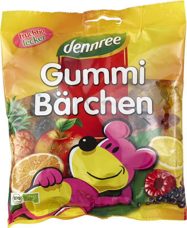 Ursuletii din gelatina bio Dennree au o aroma pura si plina de savoare. Ursuletii din gelatina Dennree sunt obtinuti din suc de fructe bio delicios. Sucurile folosite sunt cele de: mere, lamaie, portocale, ananas si coacaze negre. Ei sunt indulciti cu zahar de trestie brut si sirop de porumb. Desigur, noi nu folosim coloranti si arome artificiale (in conformitate cu reglementarile UE-ECO). Un deliciu fructos pentru mic si mare – de la primul pana la ultimul ursulet.
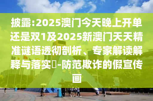 披露:2025澳門今天晚上開單還是雙1及2025新澳門天天精準(zhǔn)謎語透徹剖析、專家解讀解釋與落實(shí)?-防范欺詐的假宣傳畫
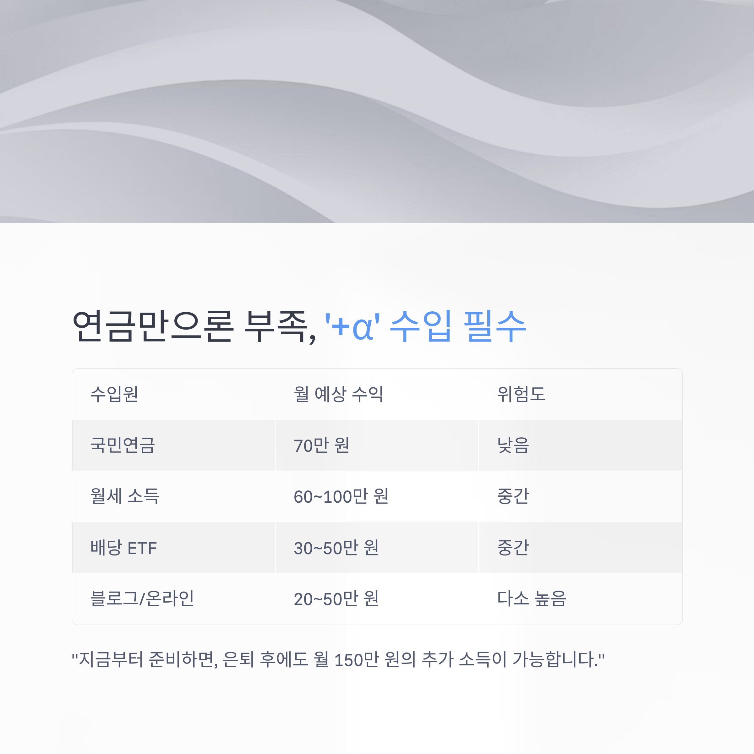 "지금부터 준비하면, 은퇴 후에도 월 150만 원의 추가 소득이 가능합니다."
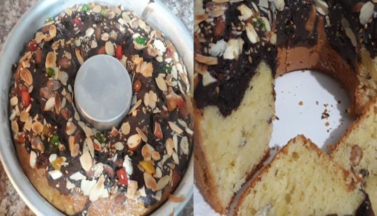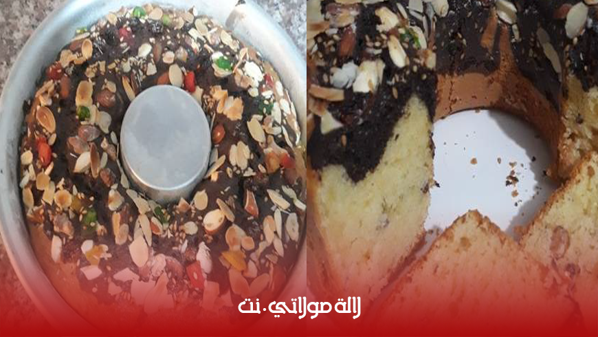 ونفرغو في القالب كيك ونزيد خليط ثاني كاكاو فوقه ونرشو عليه الفوكه كلها وسمسم ندخله في الفرن لمدة 40 دقيقةدرجة حرارة °.١٥٠

» **Problem description**
When an image appears in the data, skip it and output the rest exactly.

» **Exercise solution**
 Ursuletii din gelatina bio Dennree au o aroma pura si plina de savoare. Ursuletii din gelatina Dennree sunt obtinuti din suc de fructe bio delicios. Sucurile folosite sunt cele de: mere, lamaie, portocale, ananas si coacaze negre. Ei sunt indulciti cu zahar de trestie brut si sirop de porumb. Desigur, noi nu folosim coloranti si arome artificiale (in conformitate cu reglementarile UE-ECO). Un deliciu fructos pentru mic si mare – de la primul pana la ultimul ursulet.
 披露:2025澳門今天晚上開單還是雙1及2025新澳門天天精準(zhǔn)謎語透徹剖析、專家解讀解釋與落實(shí)?-防范欺詐的假宣傳畫
 "지금부터 준비하면, 은퇴 후에도 월 150만 원의 추가 소득이 가능합니다."
 ونفرغو في القالب كيك ونزيد خليط ثاني كاكاو فوقه ونرشو عليه الفوكه كلها وسمسم ندخله في الفرن لمدة 40 دقيقةدرجة حرارة °.١٥٠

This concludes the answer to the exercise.